Gli impegni presi dai due paesi che da soli producono quasi la metà dei gas serra climalteranti, sono minori di quelli della Ue. Ma le diminuzioni a cui si fa riferimento non sono sufficienti, pensando che solo qualche settimana fa, l’Ipcc (Intergovernmental Panel on Climate Change) ha pubblicato il suo arrow Quinto Report  nel quale si afferma che siamo ad un punto di non ritorno, evidenziando come, per avere un effetto di limitazione dell’aumento della temperatura globale, le emissioni di gas effetto serra dovrebbero subire un taglio tra il 40 e il 70% e solo per ottenere un contenimento del riscaldamento a 2°C.  Se con questo l’accordo Usa-Cina si vuole parlare di “svolta”, dobbiamo riferirci al fatto che vi è stato un riconoscimento della crisi climatica da parte di USA e della Cina, dopo decenni di disattenzione e ostruzionismo. L’accordo più importante, quello vero, sarà quello di Parigi 2015 e solo allora potremo parlare di “svolta”.

Tolte le giacche indossate per le foto ricordo del vertice – ispirate al classico stile cinese e che a molti hanno ricordato la fortunata serie televisiva Star Trek - e tornati a sobri completi scuri con cravatta, i due leader sono apparsi soddisfatti e rilassati. Obama si è dichiarato “orgoglioso” dell’accordo “storico” e ha aggiunto che “una forte, collaborativa relazione con la Cina” è fondamentale, respingendo le critiche secondo le quali Washington non vede di buon occhio l’emergere di Pechino quale seconda potenza mondiale.

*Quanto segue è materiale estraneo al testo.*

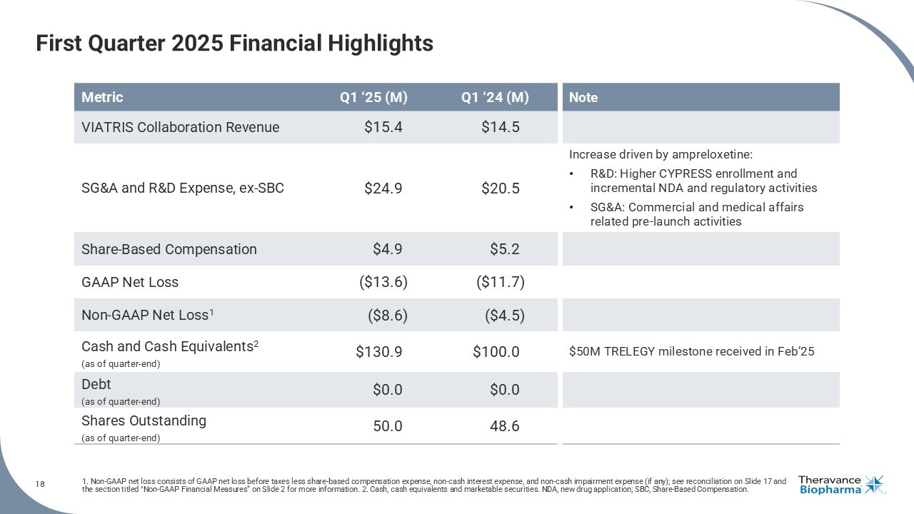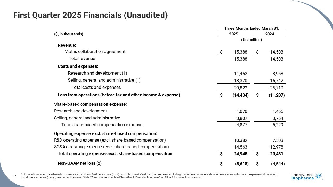 THERAVANCE BIOPHARMA ® , THERAVANCE ® , the Cross/Star logo and MEDICINES THAT MAKE A DIFFERENCE ® are registered trademarks of the Theravance Biopharma group of companies (in the U.S. and certain other countries). All third - party trademarks used herein are the property of their respective owners. © 2025 Theravance Biopharma. All rights reserved. Theravance Biopharma First Quarter 2025 Financial Results and Business Update May 8 , 2025

“Se gli Usa continueranno a guidare il mondo nelle sfide globali, dobbiamo avere la seconda economia del mondo dalla nostra parte”, ha precisato. Xi ha risposto sottolineando che “l’Oceano Pacifico è grande abbastanza da avere posto per lo sviluppo sia della Cina che degli Stati Uniti, e i due Paesi devono lavorare insieme per garantire la sicurezza in Asia”. Un momento di imbarazzo si è avuto quando Xi Jinping ha prima ignorato, poi risposto con durezza – “è colpa vostra, che non rispettate le regole”, ha detto in sostanza – a un reporter del New York Times che gli ha chiesto di spiegare perché viene negato il visto ad alcuni dei suoi colleghi. Divergenze sono poi emerse su Hong Kong, quando Obama ha affermato di aver “spiegato chiaramente” al suo interlocutore che gli Usa “sostengono la democrazia” nell’ex colonia britannica ma non hanno “nulla a che fare” con le manifestazioni delle scorse settimane, che secondo la stampa cinese sarebbero orchestrate da Washington. Xi ha risposto che le proteste sono “illegali” e che Pechino “appoggia il governo” locale.

Stesso copione sui diritti umani e Tibet, temi sui quali i due presidenti si sono scambiati critiche. Ma sono stati colpi di fioretto. Presa insieme agli accordi annunciati ieri sulla detassazione del commercio di alcuni beni elettronici e alla tregua dichiarata sul problema di un mercato comune dell’Asia Pacifico, la dichiarazione d’intenti di oggi rilancia il rapporto di collaborazione tra Pechino e Washington. Difficile dire quanto durerà la concordia. Il leader della maggioranza repubblicana al Senato americano, Mitch McConnell ha già aperto le ostilità, definendo “irrealistico” il piano di Obama. L’intesa è stata tuttavia salutata con favore in tutto il mondo. Il Wwf parla di “potente segnale politico” che deve essere ora seguito dalle altre maggiori economie, mentre secondo Legambiente “è una buona notizia” ma ora “bisogna andare avanti affinché tra un anno a Parigi si raggiunga finalmente un accordo globale, rinnovando il protocollo di Kyoto”. Plaude anche il ministro dell’Ambiente italiano Galletti, che definisce l’intesa tra Washington e Pechino “un passo epocale” nella giusta direzione (fonte Ansa).